Users may also create events and upload information about them. They can discuss policy issues in an area called ThinkTank. Contact with local members and candidates can be initiated. Campaign literature can be downloaded and printed or photocopied for local distribution. “Grab the leash, the dog and off you head,” is the cheery encouragement offered to potential letterboxers.
Labor Connect provides an on-site letter and email-writing facility where users can locate newspapers in their electorate and submit an epistle on an issue of their choice. A similar system to call talkback radio is also provided.
The potential in all this for engaging politically interested people is obvious. The 2008 stories of Obama supporters who organised online on the My Barack Obama site are legion. Campaigning, fundraising and volunteer activities can be coordinated in this so-called “community space”.
But what will the ALP do to promote this new portal? Can it possibly reach a tipping point of usage that leads to genuine engagement and empowerment?
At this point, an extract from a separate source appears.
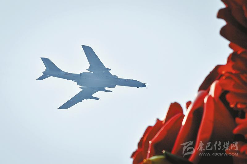 3架轟-6N、6架轟-6K組成的轟炸機(jī)梯隊(duì),1日上午分為3個(gè)3機(jī)楔隊(duì)呼嘯而來。

Whilst its potential is profound, it is hard to avoid the impression that it’s all just a touch patronising, an attempt to pander to the online world without really understanding it.
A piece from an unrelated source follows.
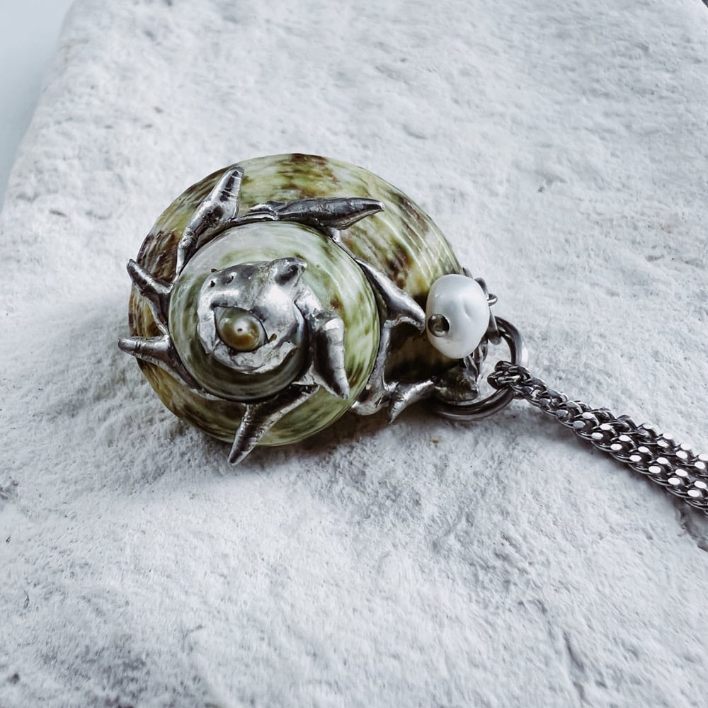 A natural green seashell, hand-soldered with lead-free tin and detailed with organic metallic accents. Mounted on a stainless steel chain and finished with a suspended pearl, this piece captures the untamed beauty of the sea — raw, mystical, and timeless, like a relic washed ashore.

For instance, I clicked on the link to the Labor ThinkTank on Health Reform, wondering what had happened to the ALP policy committee on Health. Will the online forum ever see the light of day in the byzantine innards of the party where decisions are really made? Is this slick technology, replete with pictures of “Julia” smiling down on doting hospital patients, designed to empower its users or merely occupy them? When a user comments on the policy statements posted on Labor Connect, who will ever read it, let alone act on it?
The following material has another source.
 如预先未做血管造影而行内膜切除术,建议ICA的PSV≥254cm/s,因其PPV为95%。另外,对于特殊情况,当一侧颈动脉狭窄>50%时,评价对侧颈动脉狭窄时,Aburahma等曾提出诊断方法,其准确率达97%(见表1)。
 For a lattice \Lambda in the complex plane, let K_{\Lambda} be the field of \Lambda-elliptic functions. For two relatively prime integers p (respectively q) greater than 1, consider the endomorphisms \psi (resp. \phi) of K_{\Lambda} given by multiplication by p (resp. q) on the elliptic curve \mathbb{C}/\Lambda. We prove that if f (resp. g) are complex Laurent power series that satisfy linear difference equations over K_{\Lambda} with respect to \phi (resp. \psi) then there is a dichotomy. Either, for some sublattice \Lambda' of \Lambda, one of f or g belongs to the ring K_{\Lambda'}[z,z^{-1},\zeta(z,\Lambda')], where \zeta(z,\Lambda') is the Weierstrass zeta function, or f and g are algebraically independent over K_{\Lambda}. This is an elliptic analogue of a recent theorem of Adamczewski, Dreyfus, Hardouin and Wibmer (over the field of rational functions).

And will Labor Connect permit genuine, authentic debate? Will it tolerate full-throated disputation on asylum seekers, climate change policies or an internet filter?
The way the ALP approaches Twitter and Facebook is not encouraging. Communication is one-way. Broadcasting, preaching and lecturing dominate. Gillard’s 11 tweets since July 4 do not contain a single interaction with a real person.
Still, the ALP is streets ahead of its main political opponents. The Liberal Party’s website contains the usual collection of speech and press conference transcripts, links to YouTube videos and images, and a sad little portal called My Liberal in which enthusiastic members and supporters can comment on blog posts from shadow ministers. But that’s about it. Elsewhere, Tony Abbott hasn’t tweeted since July 3.
The Nationals’ website is no better. There’s a link to a YouTube page with four videos on it, all posted three months ago, and a podcast page with three items, the last one also posted three months ago. What the Nats call blog posts are merely parliamentary press releases. There’s a handful of comments from unidentified posters.
The Australian Greens have by far the best online presence. The smell of a (non-)oily rag has produced a more vibrant site. Candidates and MPs have livelier and more personal blogs and there’s a sense of a frequently updated and topical site.
The Greens are also much better marketers: there are frequent and prominent calls to action sprinkled throughout the site. On Twitter, the Greens are much better respected participants.
So, all credit to the ALP for offering a potentially powerful medium of interaction with the electorate. But I’d feel a damn sight more optimistic that they know what they’re doing if I had some evidence of previous compatibility with digital communication tools.
When Labor Connect doesn’t run away from discussing the question Laurie Oakes asked Julia Gillard yesterday, then we’ll know the governing party has the fortitude to make its way in the abrasive world online.
This article first appeared on The Drum.